GIVEN MATERIAL:
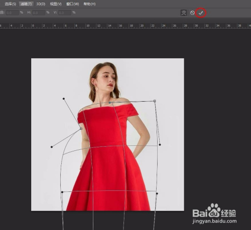 第八步:将号衣调整至与人物相贴合,单击上方“√”。
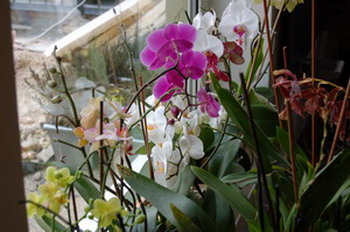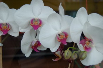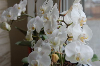 A múlt évben sokáig virágoztak, és a nyár is későn kezdődött el, ezért féltem, hogy nem sok idejük lesz megerősödni kint a szabadban. Az orchidea pompa titka, hogy a virágzás után, amikor már elmúltak a fagyosszentek, ki kell vinni a szabadba, hogy tövei és levelei meg tudjanak erősödni. A töveket árnyékos helyre kell tenni, és gondoskodni kell, hogy állandóan nedves legyen a töve. Az én teraszomon sok minden megtalálható, egyet kivéve, az árnyékos helyet. De megoldottam, a babérbokor tövei közé dugdostam őket, és állandóan permeteztem vízzel. Ősszel, amikor jött az első hideg este behoztam és azonnal a helyükre tettem. Azóta hetente egyszer meglocsolom, és várom a virágzást. Íme, csodáljátok meg ti is!
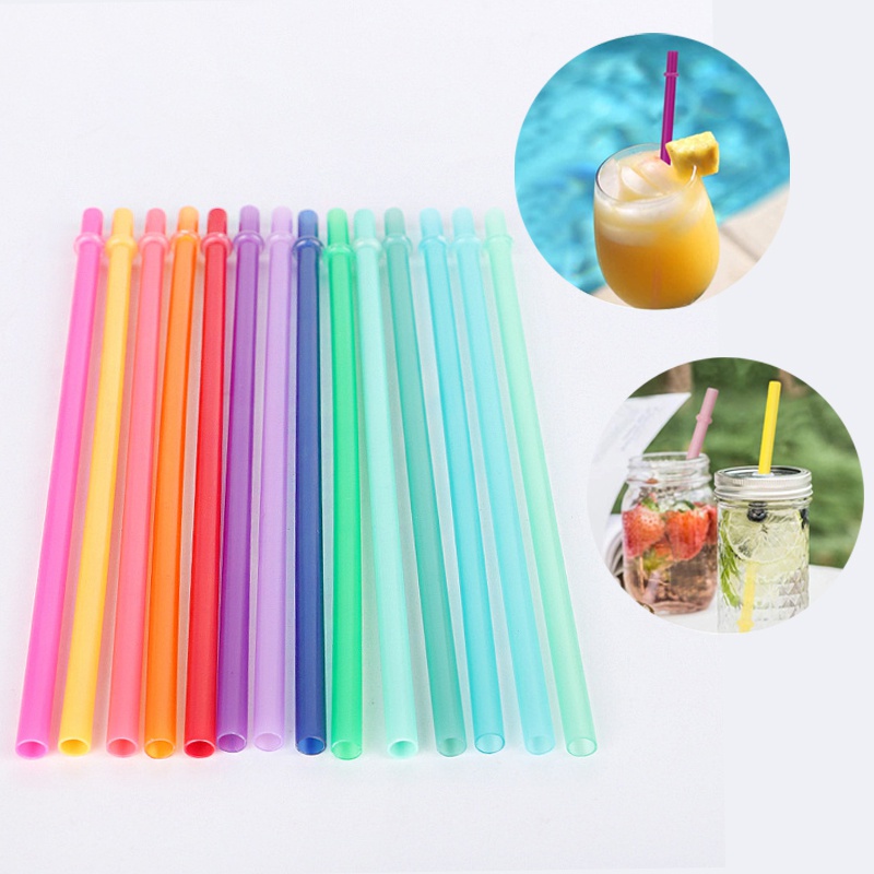 10Pcs Reusable Plastic Straws BPA-Free Random Mixed Colored Replacement Hard PP Plastic Drink Straw 24cm Long

WHAT YOU ARE ASKED TO DO: The answer is the lines above, word for word, from the first one through the one containing "A múlt évben"; it includes no pictures.

ANSWER:
 第八步:将号衣调整至与人物相贴合,单击上方“√”。
 A múlt évben sokáig virágoztak, és a nyár is későn kezdődött el, ezért féltem, hogy nem sok idejük lesz megerősödni kint a szabadban. Az orchidea pompa titka, hogy a virágzás után, amikor már elmúltak a fagyosszentek, ki kell vinni a szabadba, hogy tövei és levelei meg tudjanak erősödni. A töveket árnyékos helyre kell tenni, és gondoskodni kell, hogy állandóan nedves legyen a töve. Az én teraszomon sok minden megtalálható, egyet kivéve, az árnyékos helyet. De megoldottam, a babérbokor tövei közé dugdostam őket, és állandóan permeteztem vízzel. Ősszel, amikor jött az első hideg este behoztam és azonnal a helyükre tettem. Azóta hetente egyszer meglocsolom, és várom a virágzást. Íme, csodáljátok meg ti is!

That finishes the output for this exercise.